10.    If a foreign entity's functional currency is the US dollar and the parent's currency is also the US dollar,   
Translation adjustment is mandatory
No translation adjustment is required
Translation adjustment is recommended
None of the above
11.    The objective(s) of translation include   
Preserving the operating results and relationships measured in the foreign currency
Providing information in consolidated financial statements about the financial performance of each foreign consolidated entity
Providing information on the anticipated effects of changes in exchange rates on cash flow and equity
All of the above
12.    When the foreign currency is the functional currency, capital accounts are translated using the   
Current exchange rate at the balance sheet date
Historical exchange rate in effect when the entity's stock was issued
Average exchange rate for period being reported
Weighted average exchange rate for the period being reported
13.    When the foreign currency is the functional currency, assets and liabilities are translated at the _______________________ of the foreign entity   
Current exchange rate at the balance sheet date
Weighted average exchange rate for reporting period
Historical exchange rate
Average exchange rate for the reporting period
14.    In the statement of cash flows, cash flows are translated based on the   
Exchange rate in existence at the time of the cash flows
Historical exchange rate in effect at the beginning of the period
Exchange rate in effect at year-end
None of the above
15.    Usually in the absence of high inflation, income statement items are translated at the   
Exchange rate in effect at the balance sheet date
Historical exchange rate
Exchange rate at the dates those items are recognized
None of the above
16.    If a company's functional currency is a foreign currency, adjustments occurring from translating the company's financial statements into the reporting currency are   
Unrealized
Realized
Presented as a liability on the balance sheet
Presented as a deferred asset on the balance sheet
17.    The translation method in which all assets and liabilities are translated at current exchange rates is known as the   
Current-noncurrent method.
Monetary-nonmonetary method.
Temporal method.
Current method.
18.    A highly inflationary environment is one with a cumulative inflation rate of   
100% or more over a three-year period
50% per year over a five-year period
25% per year over a four-year period
None of the above
19.    The functional currency of Nash, Inc.'s subsidiary is the euro. Nash borrowed euros as a partial hedge of its investment in the subsidiary. In preparing consolidated financial statements, Nash's translation loss on its investment in the subsidiary exceeded its transaction gain on the borrowing. How should the effects of the loss and gain be reported in Nash's consolidated financial statements?   

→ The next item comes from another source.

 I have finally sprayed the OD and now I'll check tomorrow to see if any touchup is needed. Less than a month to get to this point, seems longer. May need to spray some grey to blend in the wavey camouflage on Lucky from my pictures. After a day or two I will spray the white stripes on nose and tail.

The translation loss minus the transaction gain is reported in other comprehensive income.
The translation loss minus the transaction gain is reported in income from continuing operations.

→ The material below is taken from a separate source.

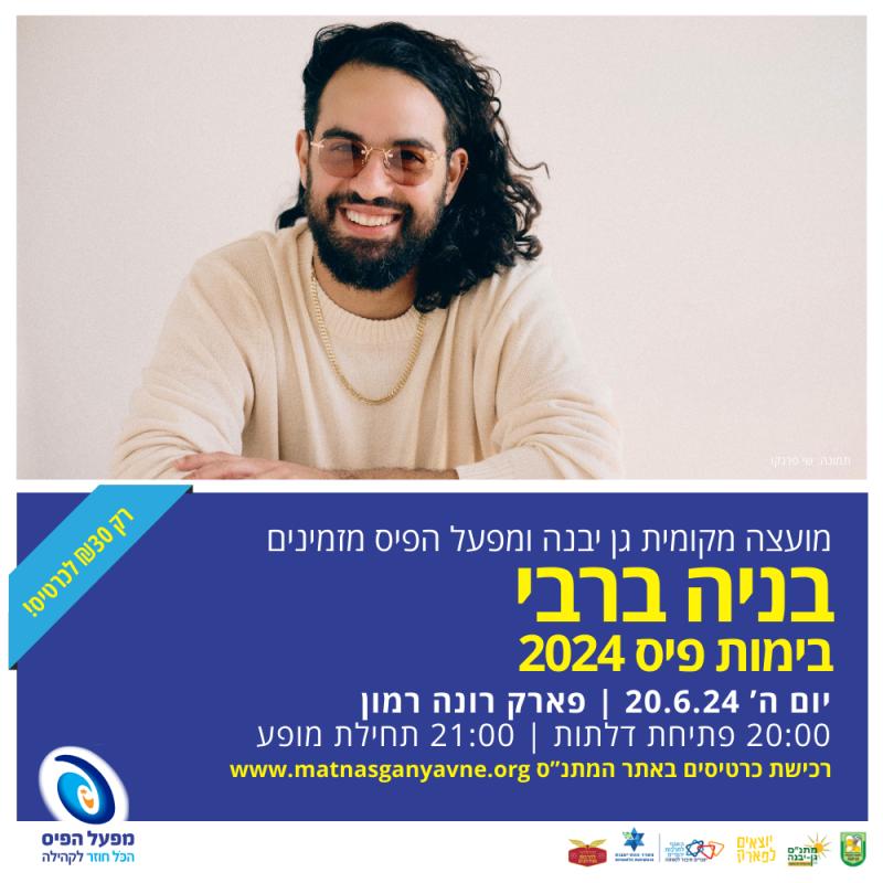בניה ברבי מגיע לגן יבנה כחלק מסדרת המופעים 'יוצאים לפארק' בגן יבנה

The translation loss is reported in other comprehensive income, and the transaction gain is reported in income from continuing operations.
The translation loss is reported in income from continuing operations, and the transaction gain is reported in other comprehensive income.
20.    A foreign entity may be excluded from consolidated or combined financial statements if   
Serious political problems exist in the foreign country
Exchange restrictions are extremely restrictive
All of the above
None of the above
21.    The following is NOT required to be footnoted.   
Profits earned from domestic earnings.
Foreign currency transaction gains or losses, including that associated with forward exchange contracts.
The impact on unsettled balances regarding foreign currency transactions.
Cumulative translation adjustments reported in stockholders' equity.